Task to carry out
The records that follow are to be transcribed in full, without their images.

Data
------------------------------------------------------------------------
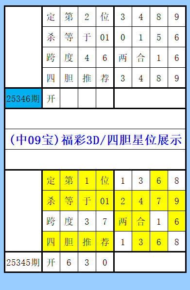 福彩3D第346期图文(中09宝),四胆推荐
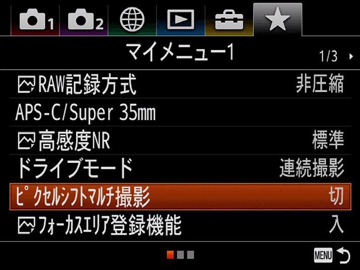 カスタマイズ機能では、最大30個のメニュー項目を登録できる「マイメニュー登録機能」が追加されたことも押さえておこう。α7R IIIだけでなくα7シリーズのメニュー画面そのものは、機能が多いこともあってやや煩雑な印象。機能が機械的に分類されていることもあってけっして使いやすいとは言えないが、マイメニュー登録機能を使えば、使用頻度の高い機能に絞った専用のメニューを作ることができる。
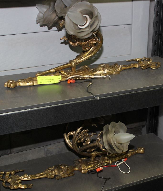 PAIR OF ORNATE 3 LIGHT WALL SCONCES
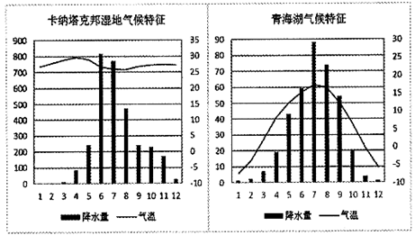 (1)由两地的降水柱状图可知,卡纳塔克邦湿地与青海湖都有降水补给;湿地与湖泊地势都较低,因而都有河流注入即地表径流补给和地下水补给。
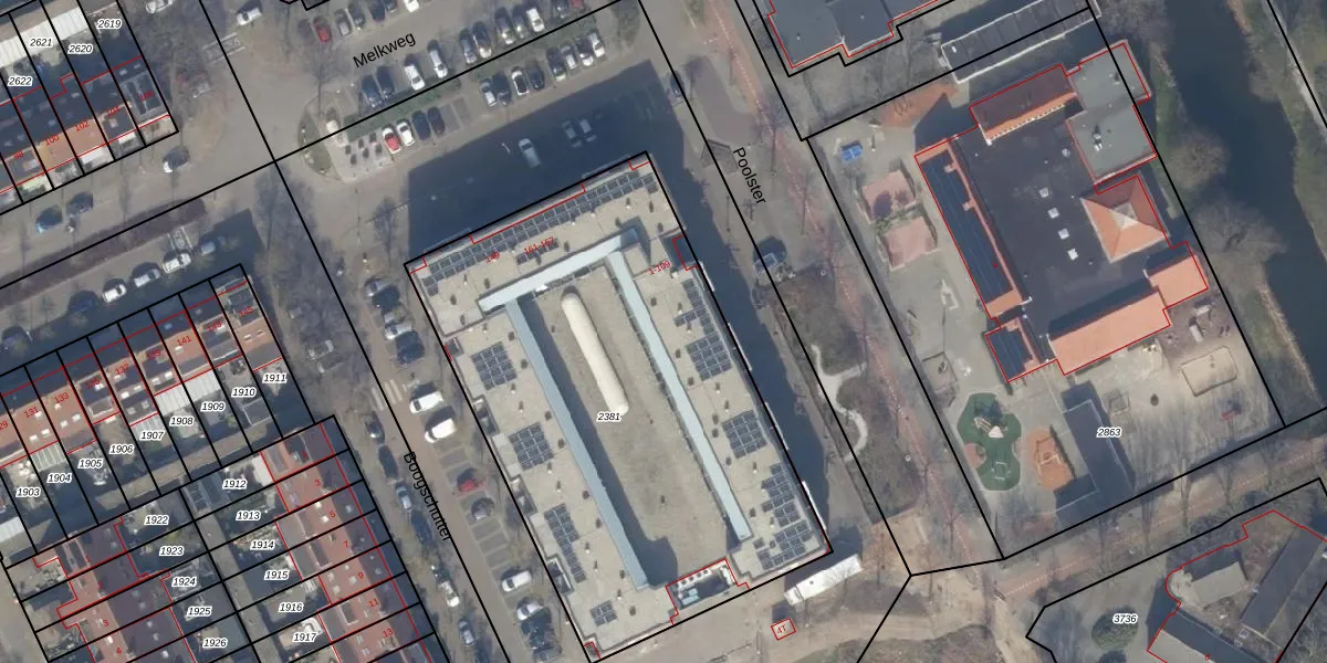 Het perceel waarop Poolster 107 staat heeft een oppervlakte van 2675 m². Dit is een zeer groot perceel. De perceeloppervlakte wordt geregistreerd door het Kadaster. Gedetailleerde informatie over de maten van dit perceel kunt u vinden in het rapport Kadastrale kaart met maatvoering van Poolster 107.
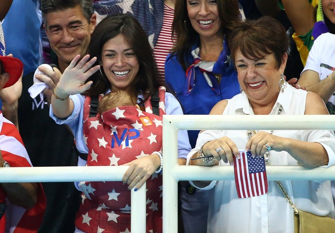 Se dentro da piscina, Michael Phelps teve uma estreia de gala na Rio 2016, com mais um ouro conquistado com o revezamento 4x100m livre dos Estados Unidos, fora dela, quem chamou a atenA�A?o mesmo foi o pequeno Boomer. Com apenas trA?s meses de idade, o bebA?, naturalmente, nA?o resistiu A� sessA?o coruja das finais da nataA�A?o (com encerramento apA?s a meia-noite) e jA? estava dormindo profundamente quando o pai subiu ao topo do pA?dio olA�mpico pela 19A? vez. Mas no colo da mA?e, a modelo Nicole Johnson, acabou se transformando em sensaA�A?o e foi bastante tietado pelo pA?blico brasileiro.
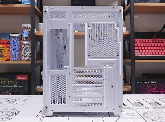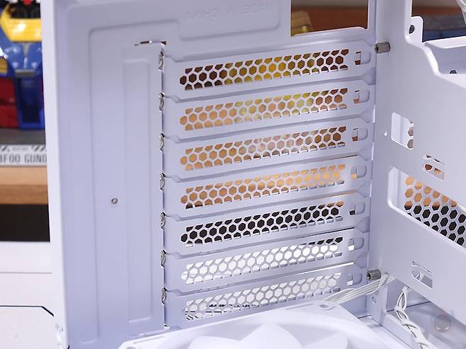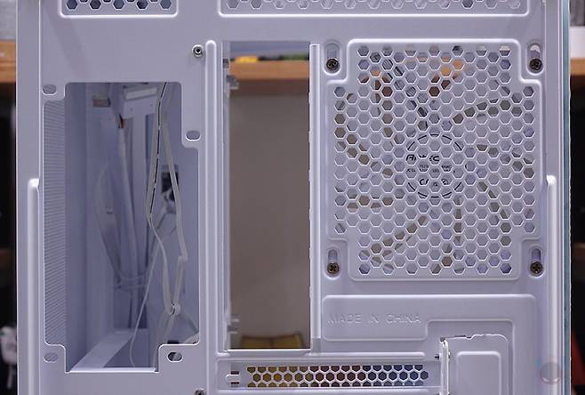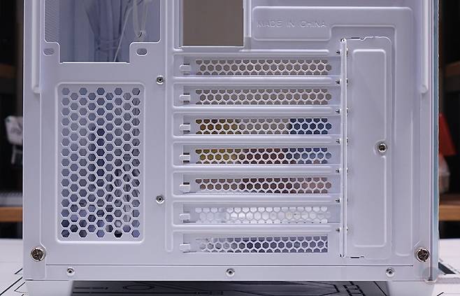 케이스 후면을 살펴보면, C5 ARGB PC케이스가 듀얼 챔버 구조라는 걸 알 수 있습니다. 그러니깐, 파워서플라이가 메인보드와 같은 공간이 아닌 후면 공간에 장착되는 거죠. 이런 구조가 가장 대표적인 컴퓨터 어항케이스입니다. 그래서, 후면을 보면 오른쪽에는 배기역할로 벌집모양의 에어홀 처리와 함께 내부에 120mm 팬이 기본 장착된 것을 간접적으로 먼저 확인할 수 있으며, 같은 위치에서 맨 왼쪽에 파워서플라이 장착되게 나사홀이 적용된 것을 확인할 수 있죠. 그리고, 아래에는 미들타워 기준인 PCI 슬롯이 7개를 갖추고 있으며, 역시 같은 위치에 맨 왼쪽에는 뒤에서 확인하겠지만, 저장장치 및 선정리 공간이 되겠습니다.
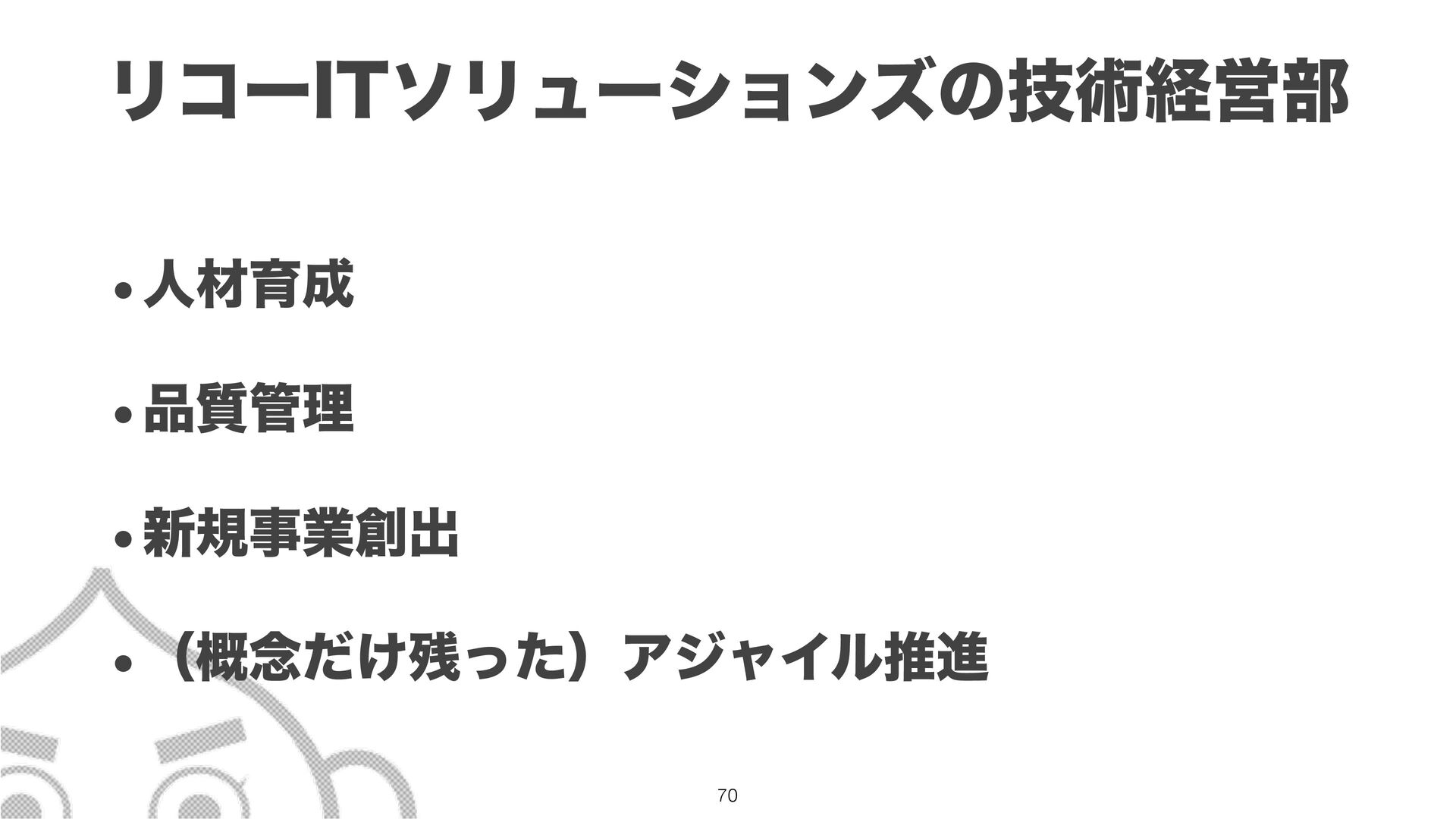 Ϧίʔ*5ιϦϡʔγϣϯζͷٕज़ܦӦ෦ wਓࡐҭ w࣭ཧ w৽نࣄۀग़ wʢ֓೦͚ͩͬͨʣΞδϟΠϧਪਐ  70
------------------------------------------------------------------------
Answer space
 福彩3D第346期图文(中09宝),四胆推荐
 カスタマイズ機能では、最大30個のメニュー項目を登録できる「マイメニュー登録機能」が追加されたことも押さえておこう。α7R IIIだけでなくα7シリーズのメニュー画面そのものは、機能が多いこともあってやや煩雑な印象。機能が機械的に分類されていることもあってけっして使いやすいとは言えないが、マイメニュー登録機能を使えば、使用頻度の高い機能に絞った専用のメニューを作ることができる。
 PAIR OF ORNATE 3 LIGHT WALL SCONCES
 (1)由两地的降水柱状图可知,卡纳塔克邦湿地与青海湖都有降水补给;湿地与湖泊地势都较低,因而都有河流注入即地表径流补给和地下水补给。
 Het perceel waarop Poolster 107 staat heeft een oppervlakte van 2675 m². Dit is een zeer groot perceel. De perceeloppervlakte wordt geregistreerd door het Kadaster. Gedetailleerde informatie over de maten van dit perceel kunt u vinden in het rapport Kadastrale kaart met maatvoering van Poolster 107.
 Se dentro da piscina, Michael Phelps teve uma estreia de gala na Rio 2016, com mais um ouro conquistado com o revezamento 4x100m livre dos Estados Unidos, fora dela, quem chamou a atenA�A?o mesmo foi o pequeno Boomer. Com apenas trA?s meses de idade, o bebA?, naturalmente, nA?o resistiu A� sessA?o coruja das finais da nataA�A?o (com encerramento apA?s a meia-noite) e jA? estava dormindo profundamente quando o pai subiu ao topo do pA?dio olA�mpico pela 19A? vez. Mas no colo da mA?e, a modelo Nicole Johnson, acabou se transformando em sensaA�A?o e foi bastante tietado pelo pA?blico brasileiro.
 케이스 후면을 살펴보면, C5 ARGB PC케이스가 듀얼 챔버 구조라는 걸 알 수 있습니다. 그러니깐, 파워서플라이가 메인보드와 같은 공간이 아닌 후면 공간에 장착되는 거죠. 이런 구조가 가장 대표적인 컴퓨터 어항케이스입니다. 그래서, 후면을 보면 오른쪽에는 배기역할로 벌집모양의 에어홀 처리와 함께 내부에 120mm 팬이 기본 장착된 것을 간접적으로 먼저 확인할 수 있으며, 같은 위치에서 맨 왼쪽에 파워서플라이 장착되게 나사홀이 적용된 것을 확인할 수 있죠. 그리고, 아래에는 미들타워 기준인 PCI 슬롯이 7개를 갖추고 있으며, 역시 같은 위치에 맨 왼쪽에는 뒤에서 확인하겠지만, 저장장치 및 선정리 공간이 되겠습니다.
 Ϧίʔ*5ιϦϡʔγϣϯζͷٕज़ܦӦ෦ wਓࡐҭ w࣭ཧ w৽نࣄۀग़ wʢ֓೦͚ͩͬͨʣΞδϟΠϧਪਐ  70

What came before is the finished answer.